For this problem, I start by determining likely time complexity (\(O(n \text{ log } n)\)) of the solution. Initially I wasn’t sure why the answer had to be returned mod 998244353, but from experimentation, the line graph (\(n\) nodes where the only edges are 1-2, 2-3, 3-4, 4-5, etc.) could produce a case with a very large value, and this made it likely this had some sort of dp solution. This is another case where I tried figuring out how the test cases worked first, and eventually we get to these notes:
From drawing this out, there begins to be a clearer solution, which I figured out in the following stages:
- The unique path from 1 to n is needed for the dp part of the step.

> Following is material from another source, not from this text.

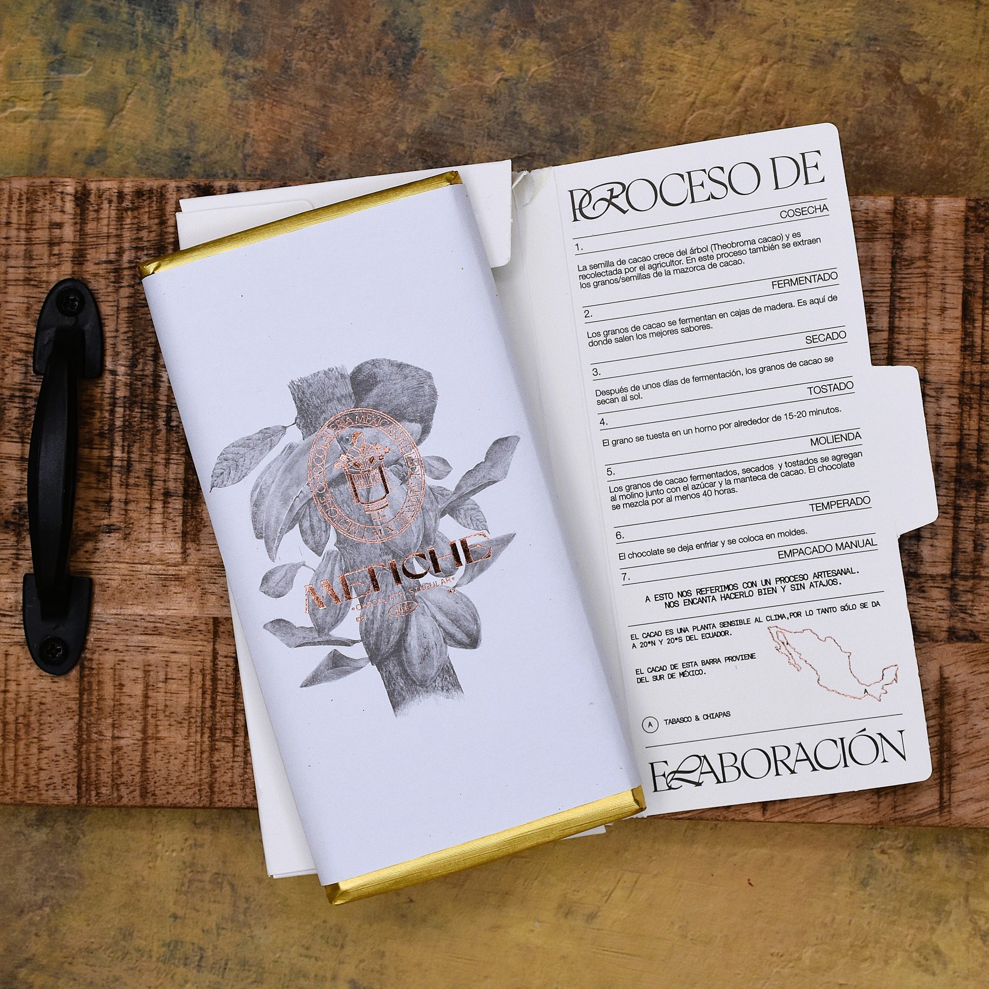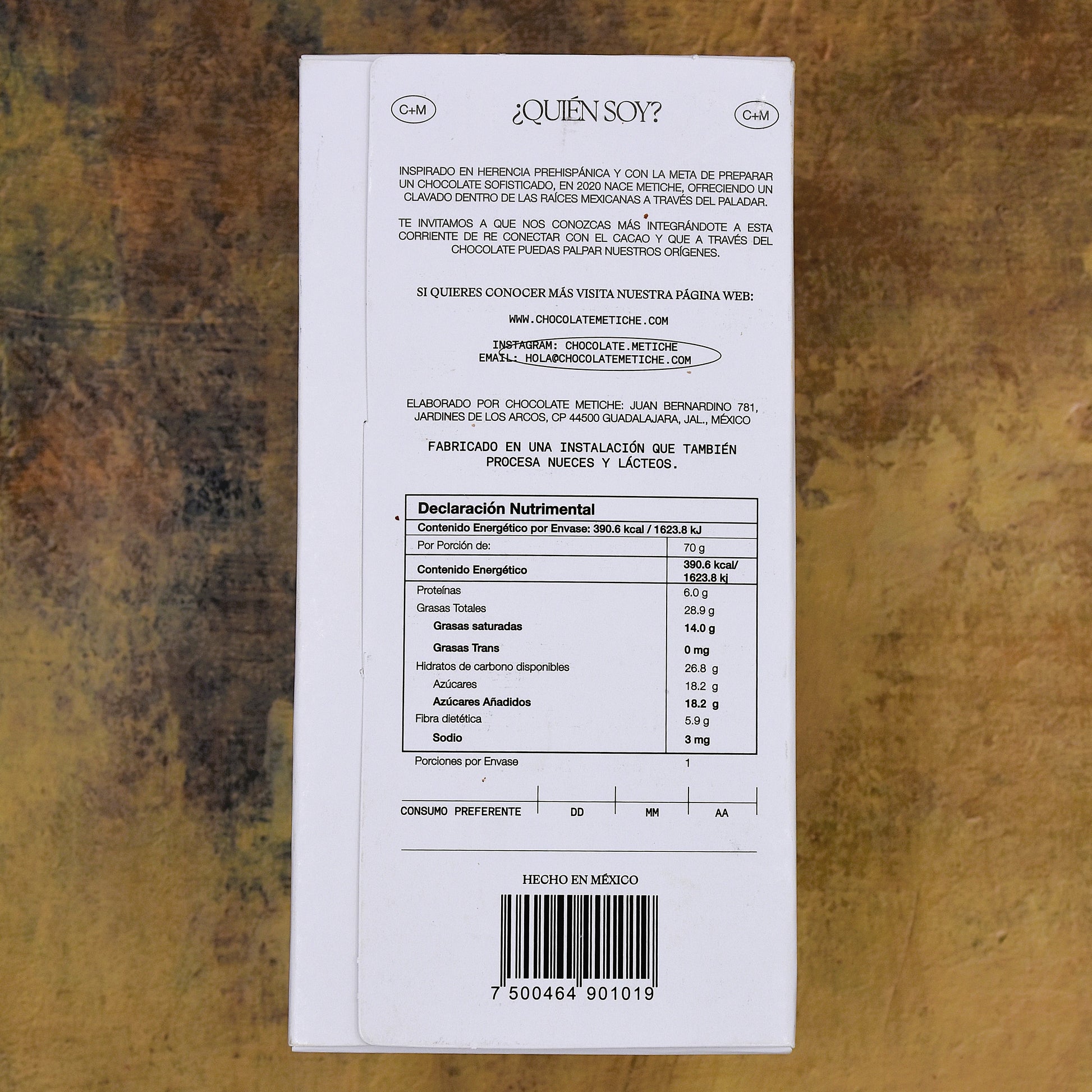Chocolate Metiche highlights the terroir of this single origin with minimal intervention, allowing the cacao’s natural complexity to shine. The flavor opens with caramel and floral notes, layered with dried apricot, before finishing with a pleasant astringency that invites another bite.

- Each node \(i\) in this unique path will have values \(A_i\) and \(B_i\) assigned to it representing the number of ways to reach this node by visiting it once or twice respectively.
- \(A_j = A_i + B_i\) if node \(j\) is the next node in the path after node \(i\). In node 1’s case, \(A_1 = 1\).
- \(B_i\) is dependent on the number of branching nodes that can be obtained by ignoring other nodes that would be in the path. This was observed in the testcase above, where \(x = 11\) and it just happens that if you ignore node 4, there are 11 other branching nodes from node 1.
- From this, \(B_i\) must equal the number of branching nodes multiplied by \(A_i\). I only figured the multiplication part after finding that without it, the code would return \(4\) on the 4th example when the answer is actually 5.
- Then the answer to this problem is \(A_n\).
This entire thought process came through after about 45 minutes.
Unsolved Problems
H: MEX Variation
Like with F, ordering of values does not matter. For this problem I spent around 40 minutes trying to devise some sort of dp equation, using the lowest frequency of a specific value in a chain and the minimum number of operations needed to change the MEX as keys. The part that complicated things for me is considering cases with multiple chains such as [0,0,0,0,0,0,0,5,5,5] which should have an answer of 4.
I: Tree Walk 3
Verbally this problem is similar to G, but that’s about where the similarities end. Most of the remaining time was on attempting H and from the solve statistics this problem is significantly harder. A part of me assumes there might be a tree dp idea for this as well, but post contest I am not really sure about this.
Contest Reflection
Based on recent contests the consistency I was having even problems roughly at the Division 2D level was rubbish, so retaining 2200 (6*) on CodeChef and actually going up in rating by 15 is a result that actually shows what I am capable of. Tree Walk 2 is a problem that would be about 1900-2000 on CodeForces from rough estimation, where as MEX Variation feels like it would be around 2200-2300. This contest did not have any penalty for wrong submissions, but it is worth noting that I wouldn’t have a penalty anyways if there was one.
Each of these CodeChef Starters contests take place on Wednesdays 6:30-8:30AM PST. Usually I have class at either 8AM or 9:30AM on Wednesdays; even in the 9:30AM case, it is unlikely I’d be doing CodeChef as it takes ~80-90 minutes to get to class when leaving at 8:30AM, and I unfortunately do not have the mental will to wake up at 5AM to arrive early on campus when I’m pretty sure most buildings aren’t even open. Even still, there are going to be exceptions to this, and I plan on competiting on the Starters contest on February 18th next. Even if I feel AtCoder and CodeForces tend to have better problem quality (another post to be written at some point as to why), the problems on CodeChef are useful here, most of the issue is just a lack of competitions at the absolute top level.